PR campaigns, podcast booking, anything requiring deep specialist judgment that AI genuinely cannot replicate yet. Avery's network of vetted human pros is matched to you based on your personality and business type, then onboarded automatically (the platform handles access provisioning). Avery helps you manage the expert relationship from inside the same platform, so there's no context-switching between your AI workflow and your human specialist workflow. The AI also proactively flags when a task is better suited to a human.
How is Avery's memory different from ChatGPT?
Avery has proprietary long-term archival memory called Synapse. ChatGPT retains approximately the last six conversations; most AI products built on top of LLMs inherit similar constraints and effectively reset context after a short window. Synapse stores both long-term and short-term memory, meaning preferences, brand decisions, performance data, and anything you've told Avery accumulates over time and informs every subsequent response - including simple questions asked six months later. The practical effect is that Avery gets more useful the longer you use it, rather than plateauing.
What is seed strapping and why does Zack prefer it to traditional VC funding?
Seed strapping means raising a seed round to build initial momentum and find product-market fit, then running efficiently without continuing to raise on the standard VC 12-18 month schedule. Zack's objection to traditional VC rounds is that by the time you reach a meaningful exit, you may own 2% of your business. His goal is to use AI-driven productivity gains to build a small, highly efficient team that generates strong revenue-per-employee numbers, pay investors dividends rather than chasing an exit, and run the business indefinitely on his own terms. He raised Avery's rounds entirely from past founders who understood this philosophy from the start.
How did Zack's childhood in Ecuador shape his approach to building companies?
Growing up in a remote Amazonian village without access to infrastructure that Americans take for granted meant that every problem required a project plan and a resourceful solution. His sister's birthday required coordinating international shipping. He started a shoe-shining business as a child. The founder mindset was built by necessity - not by reading about entrepreneurship, but by living in an environment where things didn't just happen unless you made them happen.
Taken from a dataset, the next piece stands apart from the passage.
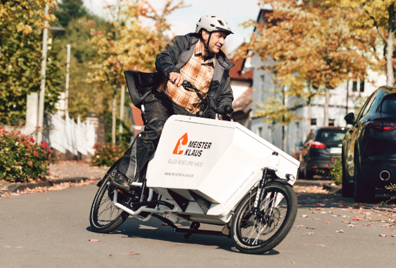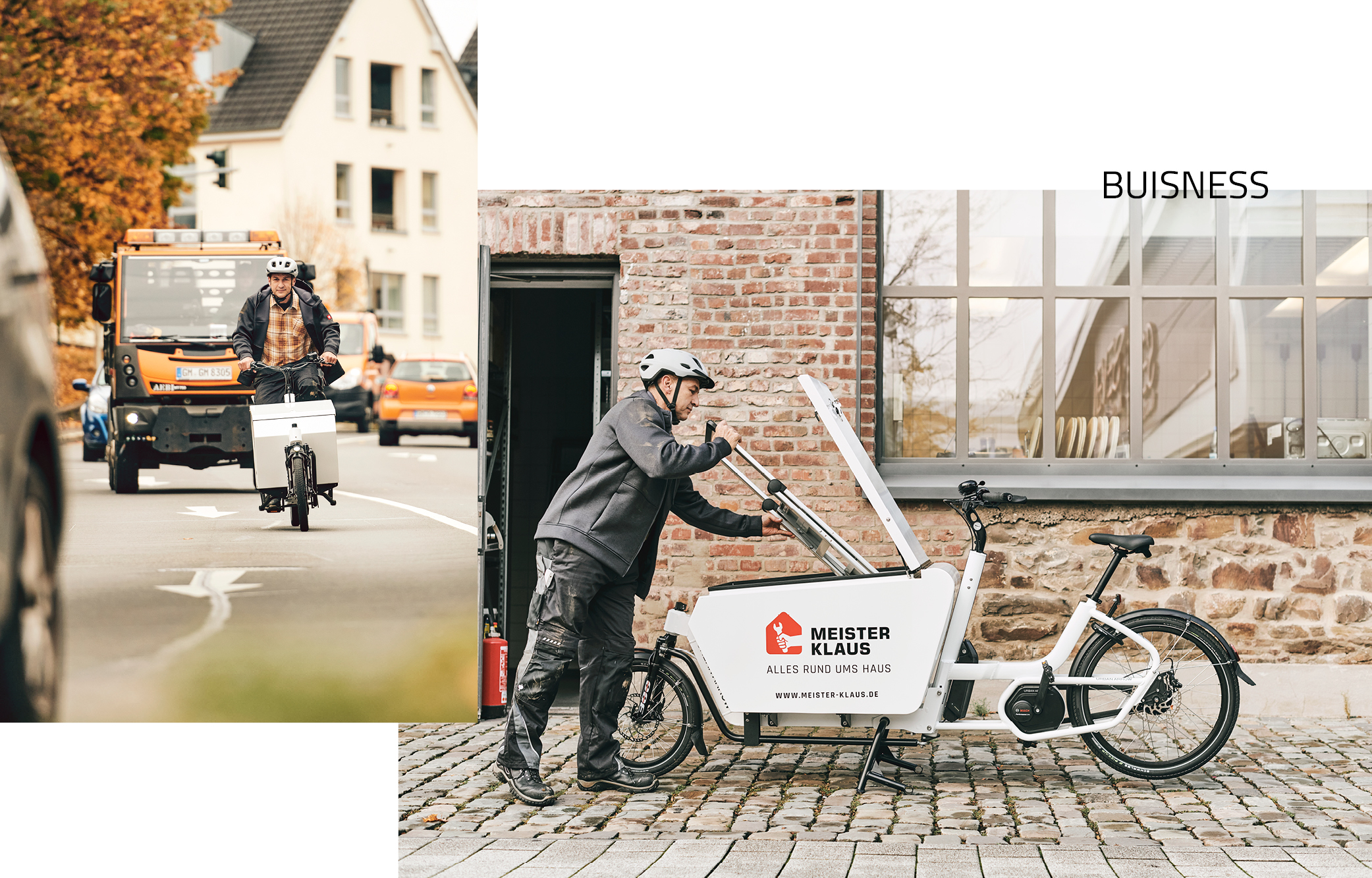 Cargo bike instead of a small van. Right in the city centre, right in the middle of the bustling life. For many business owners, this often means: traffic jams, searching for parking, and no time for customers. No more of that if you travel by cargo bike: Thanks to spacious cargo areas, this bicycle offers plenty of storage; even heavy equipment such as work tools may be carried along without problems. Most of the time, it is easy enough to park right in front of the entrance.
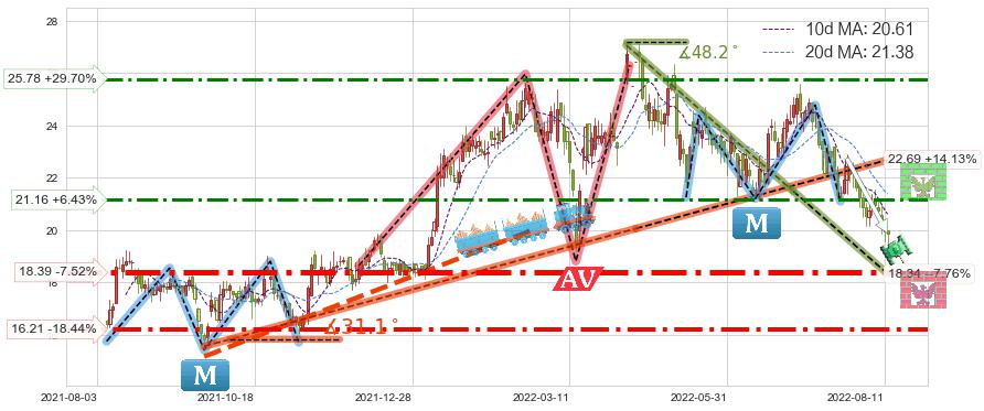 ♘ 阻力价格位21.16,可信任强度55.74%,距离最后交易2022-08-12形成的收盘价格19.88相差 +6.43%

He also returned to the US at 13 with a bicultural perspective: proud to be American, but without the assumption that American defaults are universal.
What does Zack say about founder-led marketing for reluctant founders?
He is blunt: if you are worried about connecting your name to your business, he argues you may not be treating it as a real company yet. Imposter syndrome is real and universal, but in his experience every great founder - even the ones who were terrified of public speaking or cameras - learned to do it. More practically, the time constraint is the biggest blocker for most founders, not fear. A platform that genuinely removes operational friction from the content creation process makes it possible to actually do founder-led marketing, because you no longer have to choose between running the company and posting something.
What is Zack's philosophy on advertising and brand building?
Advertising is the most consumed media format Americans encounter - more than TV shows or movies - and yet it has been reduced to algorithmic iteration. Zack grew up obsessed with the Mad Men era, when a team of five might spend weeks on one tagline. He cites Yeti (mini-documentaries you would watch on Netflix), Patagonia (decades of artistic brand integrity), and Red Bull (category creation through brand, not product features) as companies that still invest in genuine creative intentionality. His view: the brands that build lasting equity are the ones whose leaders treat advertising as art and are willing to invest in it accordingly.